One exact copy of the listing, minus the images, is the required answer.

§ **Information shown**:
%%
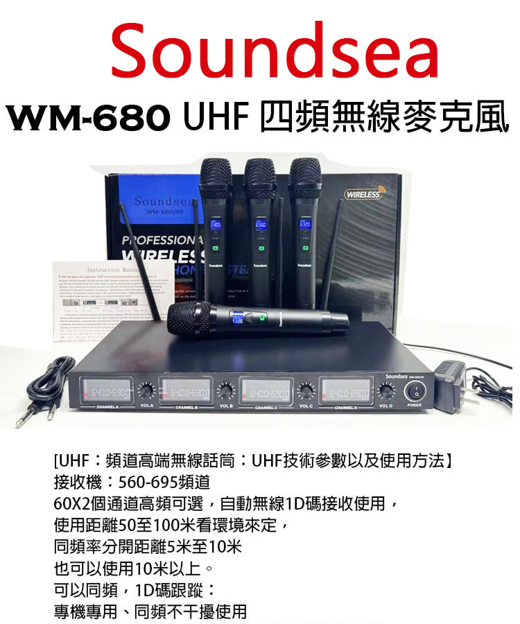 SOUNDSEA WM-680(UHF 四頻無線麥克風)
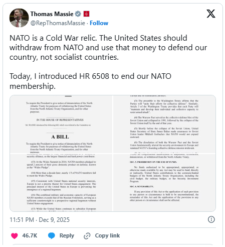 So Massie makes a good point. What sense does it make for America, $38 trillion in debt, to subsidize Europe’s security? Why should Americans, who are fighting for their own country’s liberty and traditional values, protect a slew of nations that are becoming more tyrannical by the year? What sense does it make for Americans to protect a group of countries that are targeting American companies with outrageous fines for allowing free speech? These are not the actions of free societies, they are policies reminiscent of the Soviet Union. And what sense does it make to continue participating in an alliance that has no qualms with dragging our men and women to die on their continent?
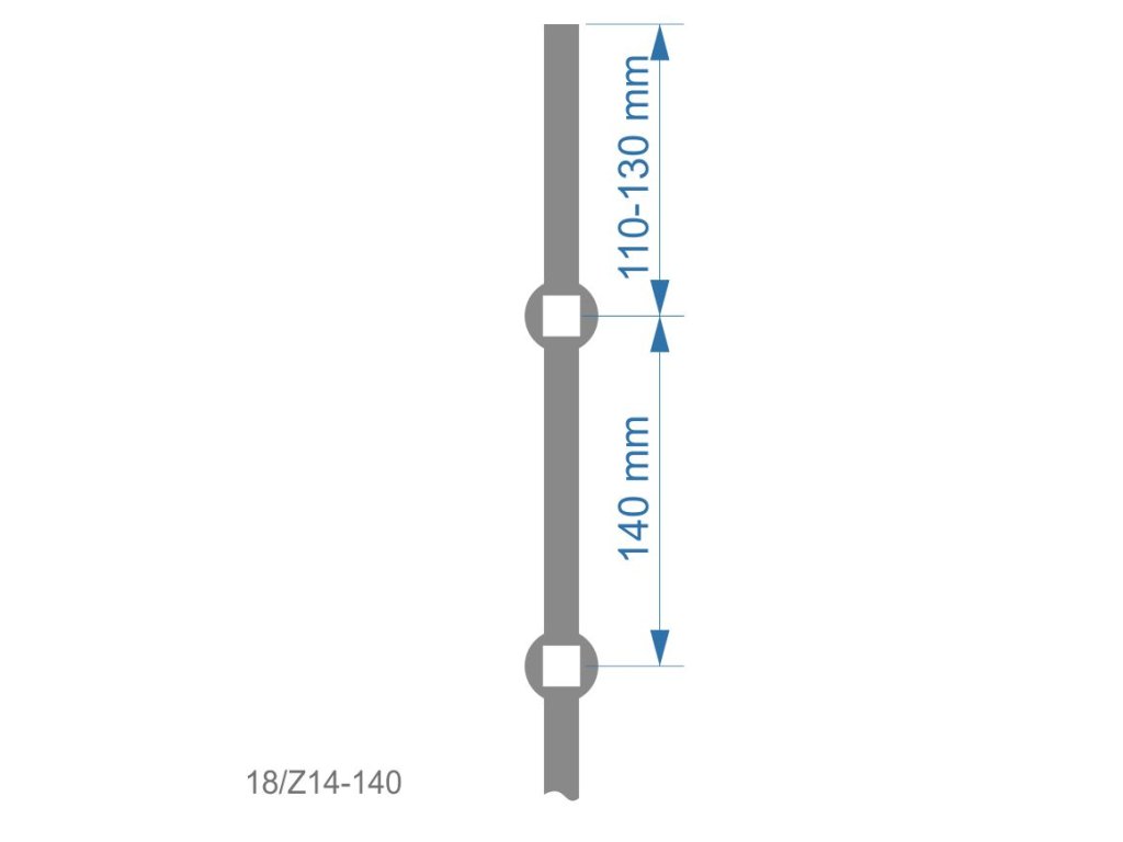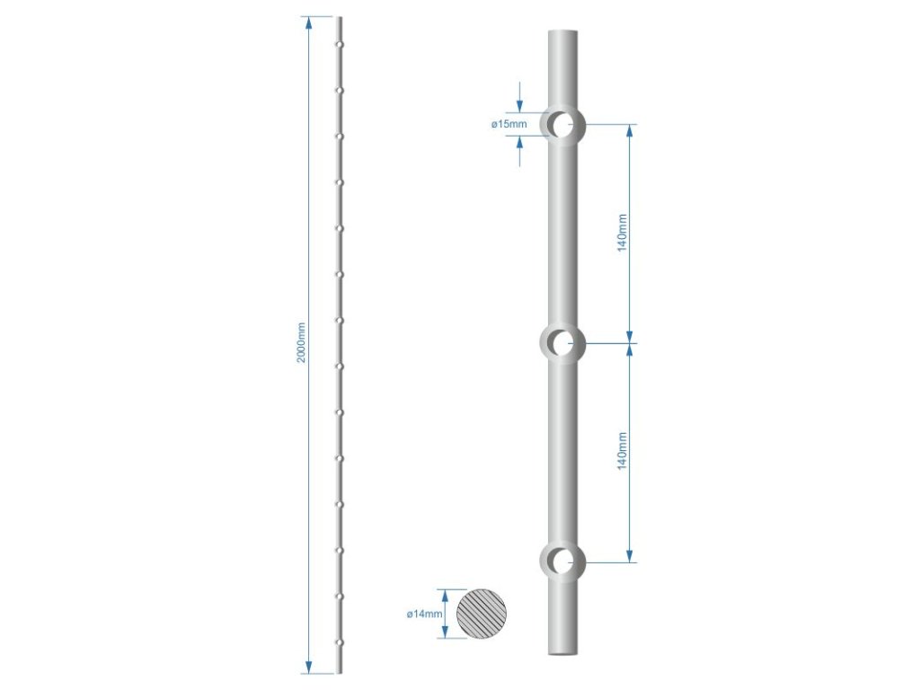 Prebíjaná tyč H 2000mm opieskovaná, profil ø14mm, rozteč dier 140mm, oko ø15mm - 14ks
%%
§ **Output for this exercise**:
 SOUNDSEA WM-680(UHF 四頻無線麥克風)
 So Massie makes a good point. What sense does it make for America, $38 trillion in debt, to subsidize Europe’s security? Why should Americans, who are fighting for their own country’s liberty and traditional values, protect a slew of nations that are becoming more tyrannical by the year? What sense does it make for Americans to protect a group of countries that are targeting American companies with outrageous fines for allowing free speech? These are not the actions of free societies, they are policies reminiscent of the Soviet Union. And what sense does it make to continue participating in an alliance that has no qualms with dragging our men and women to die on their continent?
 Prebíjaná tyč H 2000mm opieskovaná, profil ø14mm, rozteč dier 140mm, oko ø15mm - 14ks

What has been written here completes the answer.